Trailing-Edge - PDP-10 Archives - decuslib10-05 - 43,50337/23/store.rno
There is 1 other file named store.rno in the archive. Click here to see a list.
.title ^^STORE - A SIMPLE TEXT ORIENTED DATA BASE HANDLER
.spacing 1
.nojustify
.left margin 5
.paper size 55,65
.indent -5
STORE - A SIMPLE TEXT ORIENTED DATA BASE HANDLER
.skip 1
By Jacob Palme, Swedish National Defense Research Institute.
.skip 1
.indent -5
ABSTRACT
.skip 1
STORE is a simple data base handler written in SIMULA.
STORE is primarily used through two procedures,
PUTMESSAGE and GETMESSAGE. PUTMESSAGE stores a message under a
key in the data base, GETMESSAGE retrieves a message for a given
key from the data base. Both message and key can be variable
length text strings.
Any structuring of key and message into fields is up to the user,
not done by the STORE program.
.skip 1
The strings are stored in a direct access file on secondary storage.

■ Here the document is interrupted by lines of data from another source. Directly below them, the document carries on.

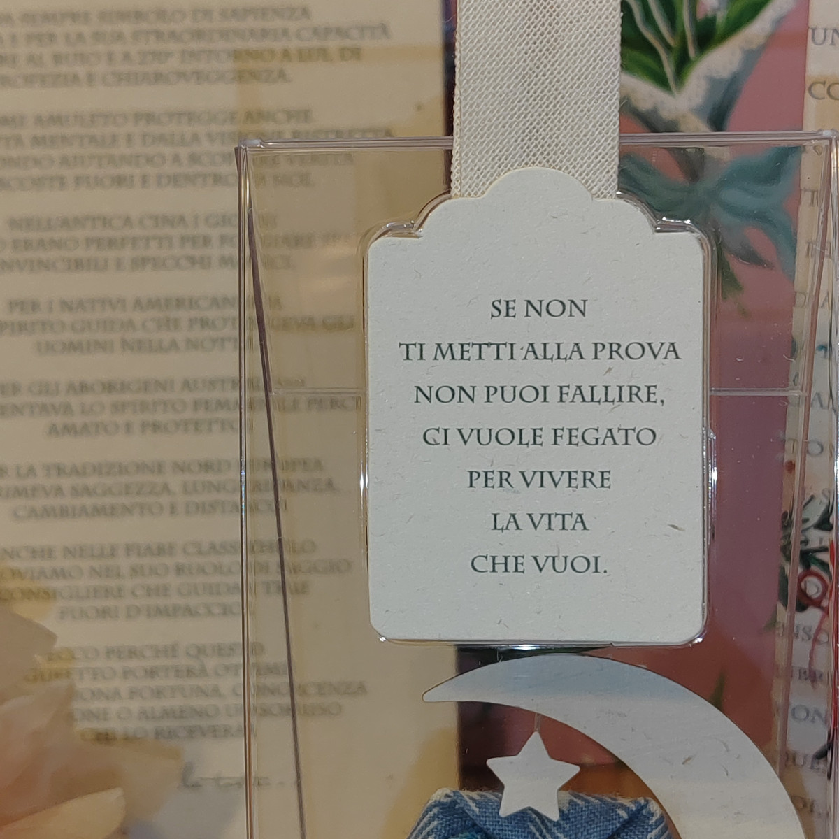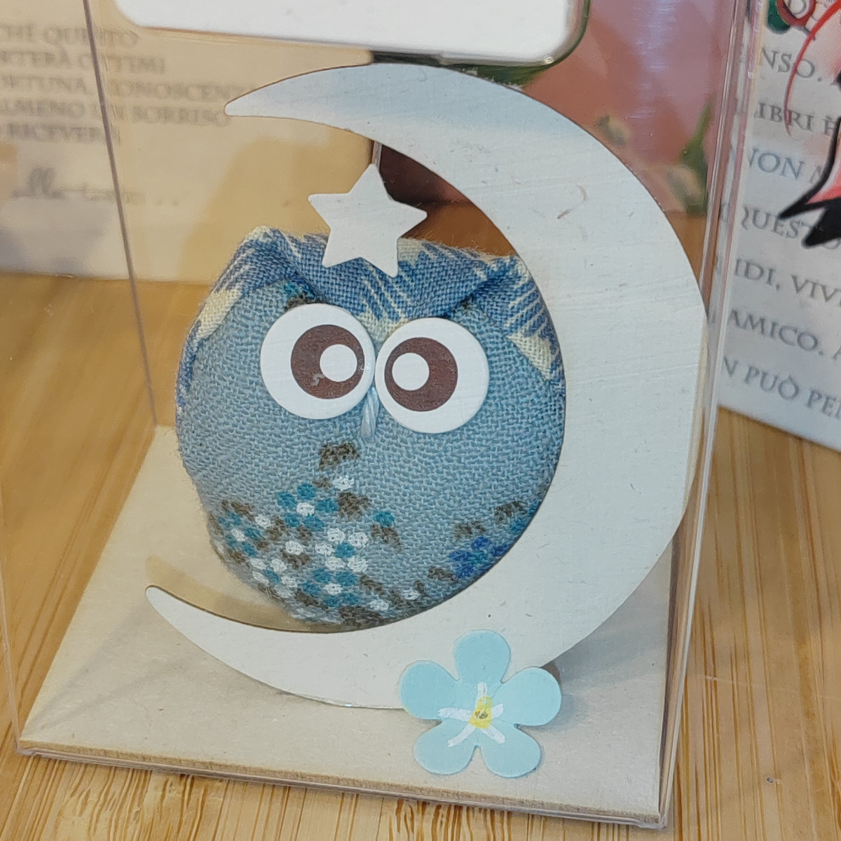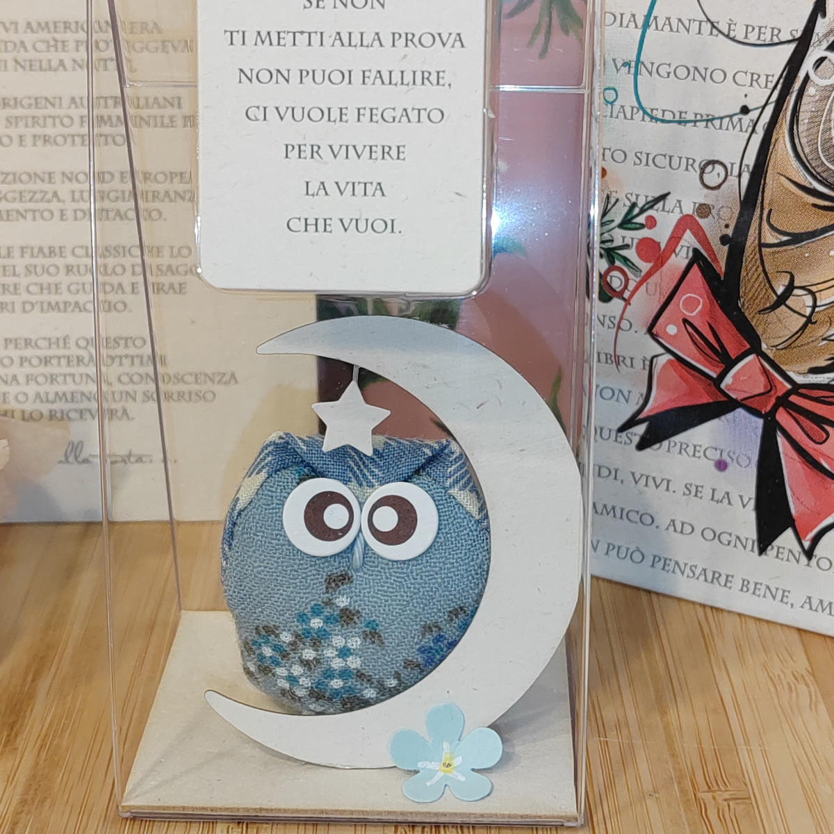 Gufetto in tessuto ed elementi decorativi, arricchito con messaggio e blister regalo.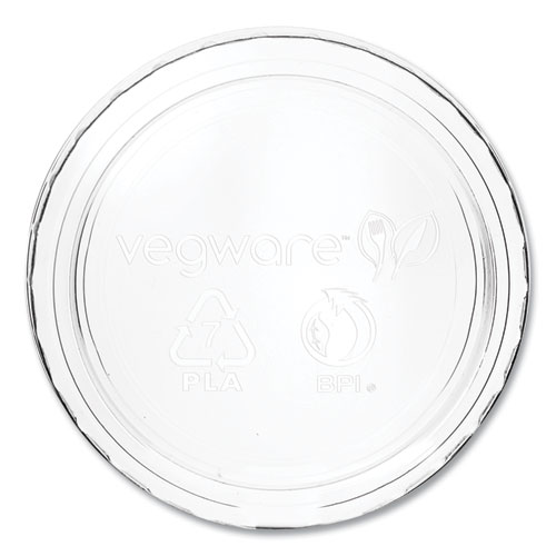A flat round lid to fit Vegware™'s 2 oz to 4 oz portion pots. Offers a great seal and easy stacking. Stop that sauce from escaping. Made from PLA, a renewable material made from plants. Clear for visibility. Award-winning quality by Vegware™, made from plants. Commercially compostable where accepted.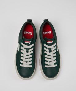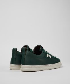 Sneakers verdes de piel vacuna y nobuk para hombre con plantillas OrthoLite® Recycled™ y suelas XL EXTRALIGHT® de EVA.Nuestro icónico Runner nació en 1982 y supuso el primer acercamiento de Camper al mundo del deporte. Esta sneaker masculina ofrece un look desenfadado que combina piel suave y una silueta deportiva con un modelo reinventado de nuestros archivos.

The system uses a combination of hashing and binary trees to find
the place of a message in the data base. Hashing to get high efficiency,
binary trees to allow unlimited growth of the data base.
.skip 1
The system is designed with the goal of being easy to use for a
programmer and having as few restrictions as possible.
.skip 1
.indent -5
PUTTING AND GETTING MESSAGES
.SKIP 1
You store a message into the data base by calling the
.break
BOOLEAN PROCEDURE PUTMESSAGE(KEY, MESSAGE);
.break
TEXT KEY, MESSAGE;
.skip 1
KEY and MESSAGE should both be TEXT variables of arbitrary
contents and length.
The length of KEY should however not be larger than 400.
.skip 1
The value of PUTMESSAGE will be TRUE if the message could be stored
in the data base, FALSE if this was not possible because of a too
long key or because there already was a message in the data base
under the same key.
.skip 1
If you want to overwrite a previous message with the same key
in the data base, you should set the switch REMOVE to TRUE.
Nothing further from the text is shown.